##### Provided records #####

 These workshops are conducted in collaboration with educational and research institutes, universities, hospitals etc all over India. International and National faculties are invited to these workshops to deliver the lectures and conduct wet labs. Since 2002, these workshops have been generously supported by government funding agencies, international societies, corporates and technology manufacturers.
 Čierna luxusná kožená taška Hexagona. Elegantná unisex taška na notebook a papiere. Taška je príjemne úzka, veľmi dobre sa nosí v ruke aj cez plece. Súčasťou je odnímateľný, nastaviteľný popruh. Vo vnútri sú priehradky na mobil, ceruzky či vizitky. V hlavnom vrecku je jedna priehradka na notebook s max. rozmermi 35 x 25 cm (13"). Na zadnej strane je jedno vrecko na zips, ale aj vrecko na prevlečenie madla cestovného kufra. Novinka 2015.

#####
##### Provided records #####

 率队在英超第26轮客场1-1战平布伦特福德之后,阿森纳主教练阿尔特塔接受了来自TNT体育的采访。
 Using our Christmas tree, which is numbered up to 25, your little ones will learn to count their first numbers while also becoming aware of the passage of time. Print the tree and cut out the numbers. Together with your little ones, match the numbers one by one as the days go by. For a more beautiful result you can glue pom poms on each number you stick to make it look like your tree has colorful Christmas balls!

#####

*Task to carry out*: The stretch of entries above that starts with the line containing "These workshops are" and goes on through the line containing "Čierna luxusná kožená" is to be transcribed exactly, and no other line is to be transcribed.

*Written solution*:
 These workshops are conducted in collaboration with educational and research institutes, universities, hospitals etc all over India. International and National faculties are invited to these workshops to deliver the lectures and conduct wet labs. Since 2002, these workshops have been generously supported by government funding agencies, international societies, corporates and technology manufacturers.
 Čierna luxusná kožená taška Hexagona. Elegantná unisex taška na notebook a papiere. Taška je príjemne úzka, veľmi dobre sa nosí v ruke aj cez plece. Súčasťou je odnímateľný, nastaviteľný popruh. Vo vnútri sú priehradky na mobil, ceruzky či vizitky. V hlavnom vrecku je jedna priehradka na notebook s max. rozmermi 35 x 25 cm (13"). Na zadnej strane je jedno vrecko na zips, ale aj vrecko na prevlečenie madla cestovného kufra. Novinka 2015.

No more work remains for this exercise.